The goal of the detection process is to determine where in the room museum visitors are located. The algorithm can be described as follows:

1. Each video frame is put through the YOLO neural network, which detects human bodies and heads, providing the corresponding bounding boxes.

2. If the full human body is visible, the pixel at the center of the bottom edge of the body bounding box is used as the pixel corresponding to the point on the floor.

3. If the full human body is not visible and only the head is detected, the body height is estimated using a head-to-body ratio derived from the training data. According to the [MRI-based anatomical model of the human head](https://pmc.ncbi.nlm.nih.gov/articles/PMC2828153/#:~:text=The%20general%20shape%20of%20the,ethnicity%2C%20sex%2C%20and%20age.), the head size is generally proportional to the body height. Using this principle, a custom coefficient specific to our dataset has been calculated. The estimated height is then projected downward from the center of the top edge of the head bounding box to determine the point on the floor, representing the approximate full-body height.

4. To match body and head bounding boxes, the percentage of intersection between the two is calculated and used as a matching criterion.

5. The homography matrix is used to transform the resultant pixel coordinates into the actual positions of people in the room.

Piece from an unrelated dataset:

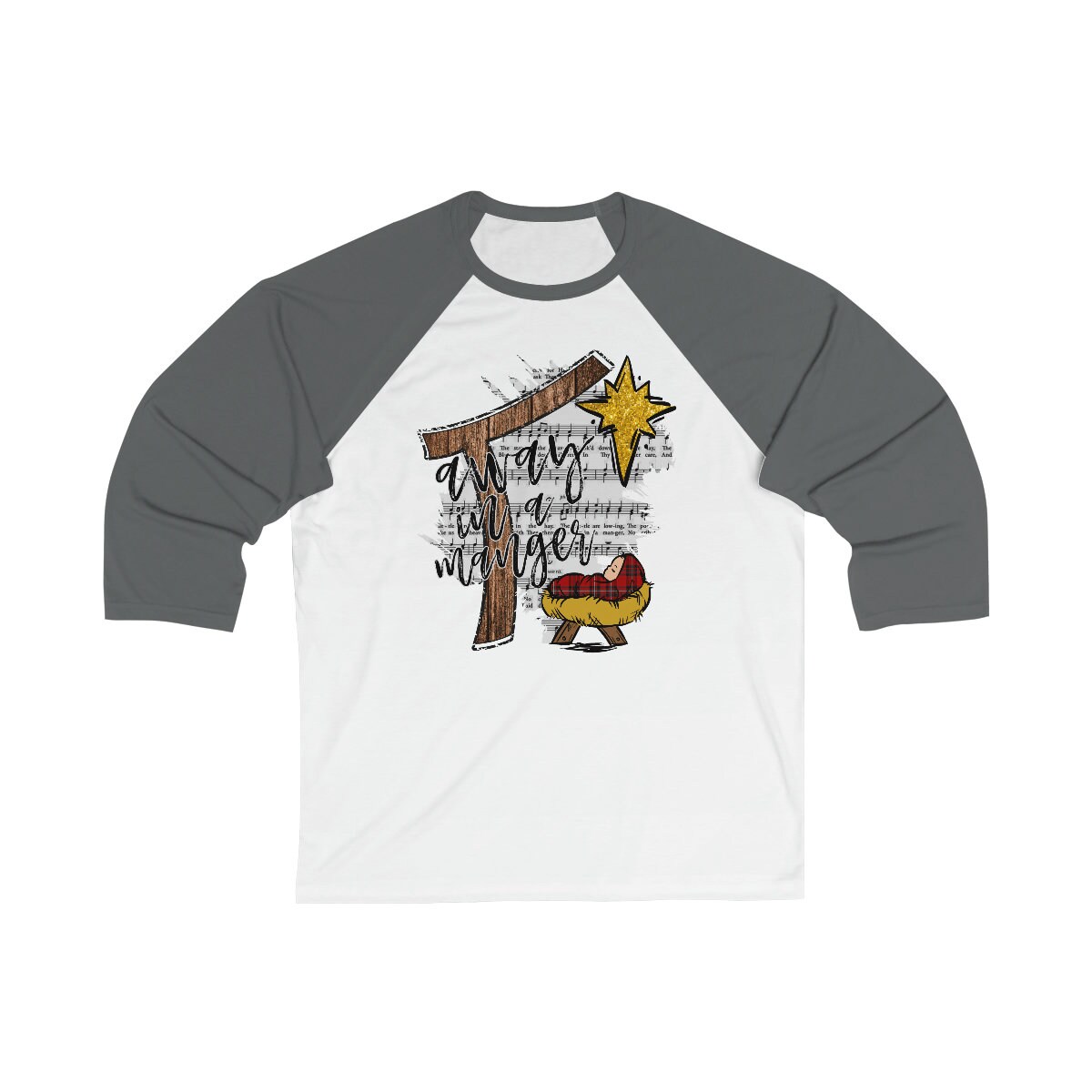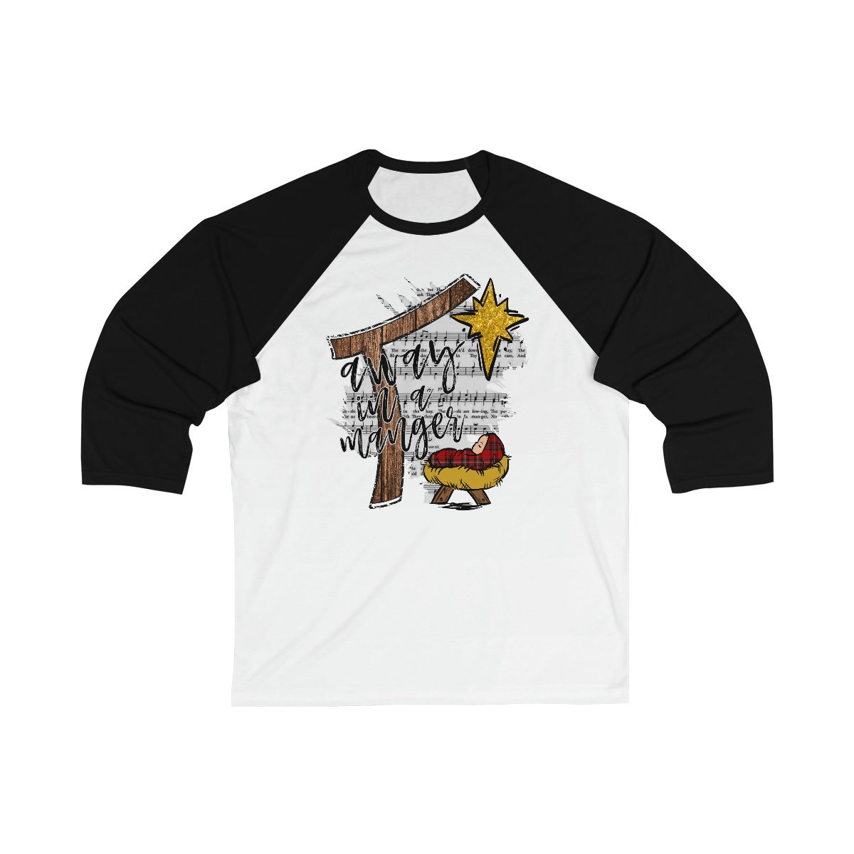 The unisex 3/4 sleeve Christmas Away in a manger song baseball tee makes it an ideal printing surface because the sleeves act as a frame. So, whichever design the shirt has appears better than ever. Depending on the color, these shirts can be a blend of cotton, polyester, and rayon. The collar is ribbed knitting for improved durability. The sides have seams to provide structural support.

This notebook is designed to run locally.

In [None]:
# Install the library with YOLO models
%pip install ultralytics

# Install the computer vision library
%pip install opencv-python

# Homography

To determine the positions of people within the museum, a homography matrix was calculated. Access to the museum map was obtained, and ten specific points on the map were cross-referenced with their corresponding points in the images captured by the cameras. Using this data, a homography matrix was calculated, enabling the transformation of pixel coordinates from the camera images into real-world positions within the museum.

Initially, the last (10th) points were excluded from calculations and used for validation. The predicted position on the map was `1110x603`, while the actual position was estimated to be `1128x610`. This demonstrated a good level of accuracy, especially considering the imposed limitations.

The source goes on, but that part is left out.